Catholic Herald, 18 July 2019

The Church’s calendar includes the feast days of several of the great figures of the Old Testament (though observing them is not obligatory): King David on December 29, for example, or Melchisedek on August 26. Abraham’s falls on the same day as John Henry Newman’s, October 9.

The Prophet Elijah’s feast day is July 20. I know that because it is my priestly ordination anniversary. I can’t say that I detect much of Elijah in myself, but that might be said of another priest ordained on that date, Cardinal Robert Sarah, who celebrates 50 years of priestly ordination this year. (Cardinal Peter Turkson, the other African curial cardinal, was also ordained on July 20, but in 1975, six years after Cardinal Sarah.)
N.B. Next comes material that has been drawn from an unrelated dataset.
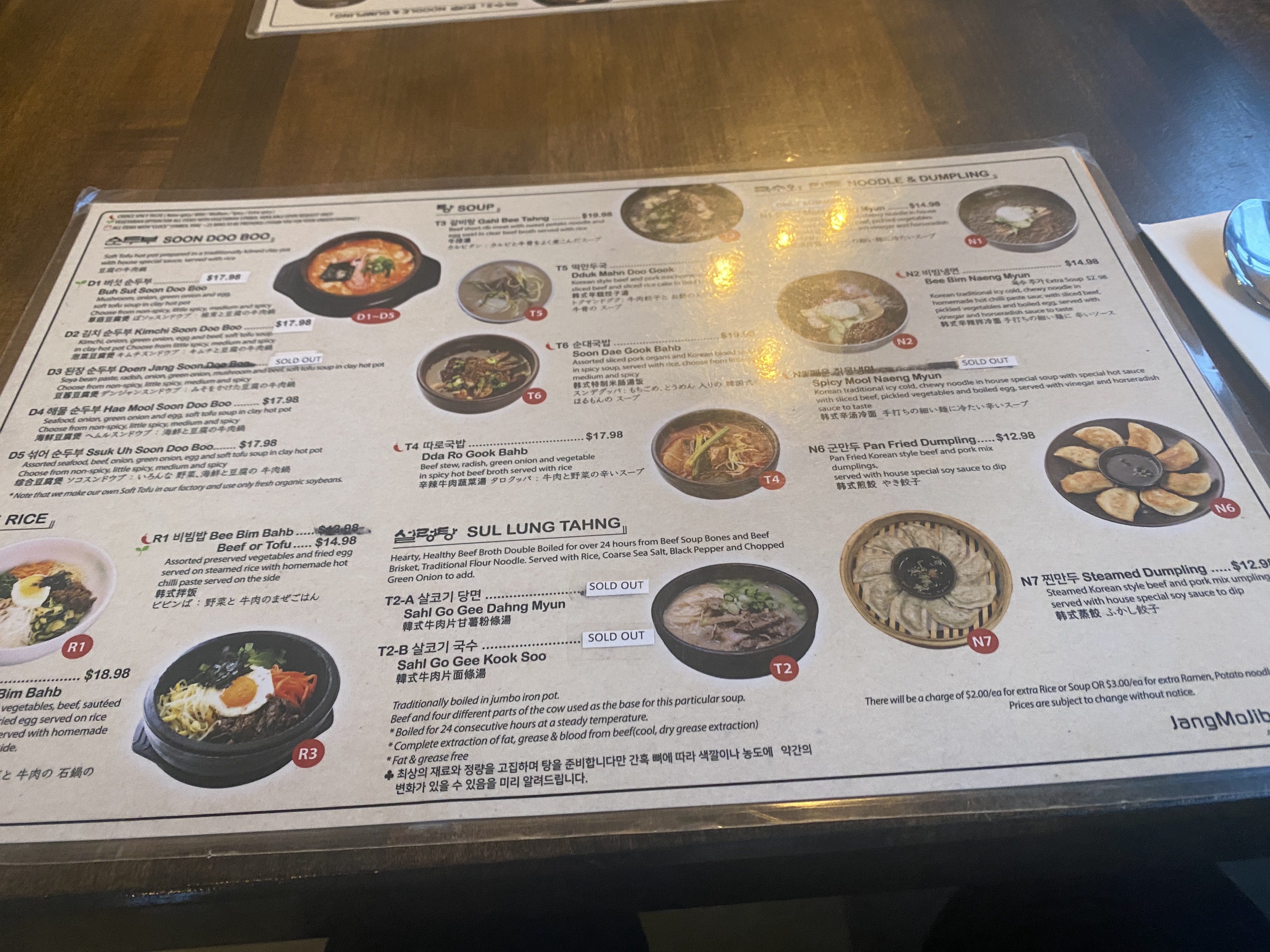 나고 맛있었고, 육개장과 갈비탕

As a young archbishop in his native Guinea, still in his 30s, Sarah was marked out to be murdered by the tyrants who ruled his country and found him insufficiently submissive. Like Elijah, he knows what it means to be hunted by the king.

In recent years Cardinal Sarah has shifted towards a more prophetic mode, warning us in a series of books and speeches that an apostasy is underway in many parts of the world, and in some parts of the Church. There is something of Elijah – speaking for the faith in a time of infidelity – in that too. He shocked many with his address at the 2015 synod on the family, when he spoke of “Beasts of the Apocalypse” in regard to Western decadence and jihadist extremism. Cardinal Sarah never went to the finishing school where many bishops learn how to speak without ever giving offence.

That parrhesia (boldness in speech) might have endeared him to Pope Francis, who promoted him from the Pontifical Council Cor Unum, which dispenses corporal works of charity on behalf of the pope, to the Congregation for Divine Worship. But since that appointment in 2014, Cardinal Sarah has been marginalised. The inner circle around the Holy Father only care for “prophetic” voices of a certain kind, the kind that, in the manner of progressive NGOs, hurl condemnatory judgments at big corporations and wealthy countries. Cardinal Sarah is not of that kind, as he pays rather too much attention to adherence to God in the household of faith. His book, after all, was called God or Nothing.